Showing posts with label sicily. Show all posts
Showing posts with label sicily. Show all posts

9.22.2010

Food Read: Palmento

Last week I was fortunate enough to attend a wine tasting and book signing with Robert Camuto, author of the 2010 book Palmento: A Sicilian Wine Odyssey. The tasting featured the wines (and real live winemakers) from two of the wineries highlighted in the book, which chronicles the evolving wine scene in Sicily. The wines were interesting - something like a wine nerd's dream, as they departed significantly from the usual styles in their utterly unaltered Mt. Etna-ness. Well, actually, though the Mt. Etna terroir undoubtedly contributes, "unaltered" is probably the key here. The wines are raw, minerally, acidic, fruity, oxidized...and strangely attracting. These are wines that have practically made themselves in how unmanipulated they are. Interesting.

Also interesting is Camuto, who can claim Sicilian roots, but was born in New York, has lived in Texas, and now resides with his wife in southern France (his book on French wine country, Corkscrewed: Adventures in the New French Wine Country, is next on my list). Sometime mid-tasting, Camuto wandered over to my end of the counter and was generously forgiving in his evaluation of the amateur explanation of wine regions and their varietals that I was imparting upon my beer-centric countermate. We had a lovely conversation, at the end of which I found myself with my very owned signed copy of Palmento (which I purchased, of course).
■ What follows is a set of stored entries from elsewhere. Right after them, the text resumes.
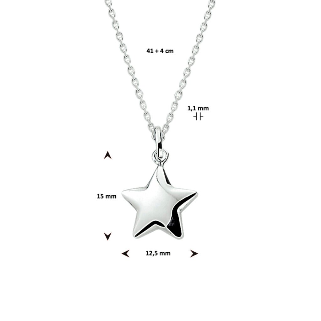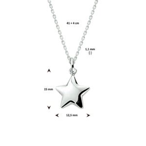 Dit Ster Hanger Collier van Zilver is volledig gemaakt van 925 sterling zilver, de allerbeste kwaliteit zilver, en voorzien van een hanger met een breedte van 12,5mm en een hoogte van 15mm. Dit collier bestaat uit een anker schakelketting met daaraan een hanger in de vorm van een vijfpuntige ster die gepolijst is en dus mooi glanst. Dit collier heeft een totale lengte van 45cm en kan gemakkelijk ingekort worden naar 41cm. De anker schakels van dit collier hebben een breedte van 1,1mm.
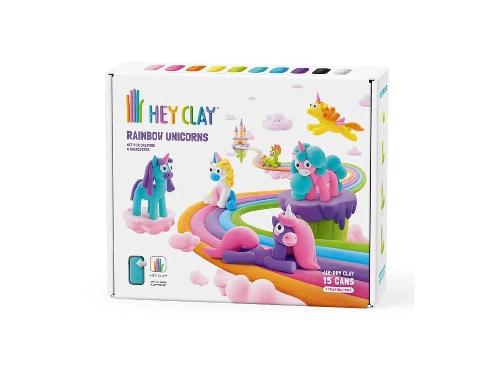 Hey Clay Jednorožci Vymodelujte si originální postavičky jednorožců Modelovací hmota Hey Clay je ideální pro všechny děti, které milují kreativní tvoření. Díky jemné a voňavé modelovací hmotě si mohou vytvořit originální postavičky jednorožců a jiné různé figurky, podle vlastní fantazie. Po vymodelování stačí nechat postavičky zatvrdnout na vzduchu přibližně 24 hodin, čímž se promění v pevné figurky a jsou připraveny na další dobrodružství a hry.Objevte inspirace v aplikaci a vytvořte si postavičky přesně podle návodu Sada obsahuje 15 nádobek barevné plastelíny a 2 plastové pomůcky pro jednodušší modelování. Navíc, přístupový kód do aplikace umožňuje dětem inspirovat se novými nápady a vytvořit 6 různých postaviček přesně podle návodu. Pokud děti nejsou se svým výtvorem spokojené, Hey Clay mohou jednoduše uložit zpět do kelímku a pokračovat v modelování později. Děti si při hře trénují své dovednosti, jemnou motoriku a rozvíjejí fantazii.
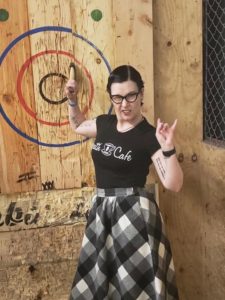 for those of you that don't ever get to see me in person, this is what i look like these days (ax throwing bday party!) (mod cloth skirt, death cafe t-shirt made for my by coworker Jade, black bartoli boot fluevogs (not shown); "Rock me like a Hurricane" - Scorpions)
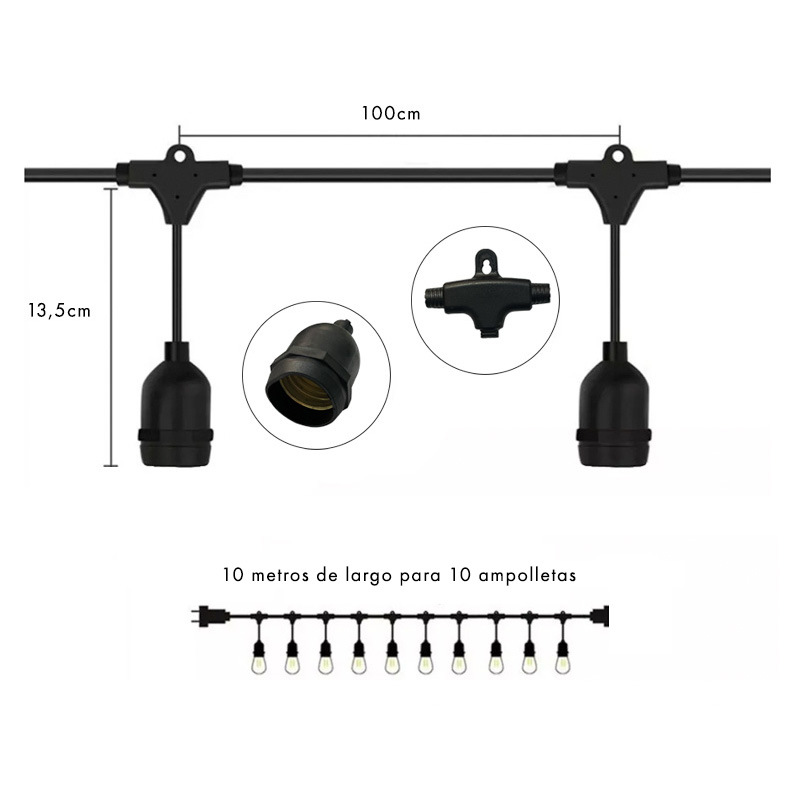 Añade un toque único a tus celebraciones con esta tira marquesina para ampolletas LED vintage. Perfecta para decorar patios, restaurantes, locales comerciales o eventos. Con protección IP65, es ideal para uso en exteriores, resistiendo condiciones climáticas y garantizando una larga duración.
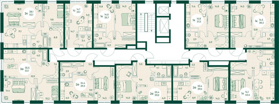 1-комнатная — 35,7 м² 8/17 эт. в Green Apple
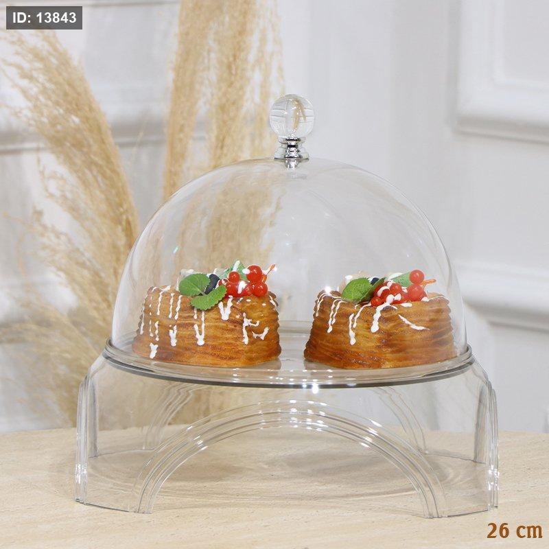 مضيفة مدور 26سم اكرلك شفاف غطا قبة بارجل مسكة كرستال EL104/4 =رم5

The next day, on the plane to California, I found out just how fortunate I'd been. If Camuto is pleasant in conversation, his writing is twice as captivating. This is not a stuffy wine book, but rather wine lit, a foodie read, and travel writing all in one. Camuto's descriptions of food are like poetry. His accounts of the countryside, the wine, the weather, the people - are all shockingly vivid. The end result is a tome that will make you want to immediately travel to Sicily, or at least to wine country, and that really makes that wine information stick. How can you forget the details of making fine Marsala once you've read about its modern caretaker? I read the whole book over the weekend. My only regret? That I wasn't able to read it before the tasting, so that I could have appreciated the experience all the more.

1.31.2009

Wine of the Week: Cusumano Nero D'Avola 2007

When I heard wine expert Joshua Wesson refer to Nero D'Avola as the "next big thing" on a recent episode of The Splendid Table, I immediately knew that a bottle of it was in my future. The grape is a native of Sicily, and still relatively unknown (read: affordable). I found Cusumano's 2007 vintage at my local wine shop for about $12. The young wine is a deep purple color, with an aroma of red fruit and not a little alcohol on the nose. I read several reviews that also referred to an aroma of juniper berries, but I had a hard time picking that up through the alcohol. I found the wine to be medium- to full-bodied, with noticeable tannins and a medium, crisp finish. In terms of taste, it seemed to me that a lot of the fruit got lost behind the tannins, acid, and alcohol. I picked up a strawberry flavor, but the wine seemed a little tight, which is not surprising, since it is so young. Overall, I found the wine to be just okay, but I suspect there is a lot more to it and would like to try decanting it in order to bring out more of the flavors.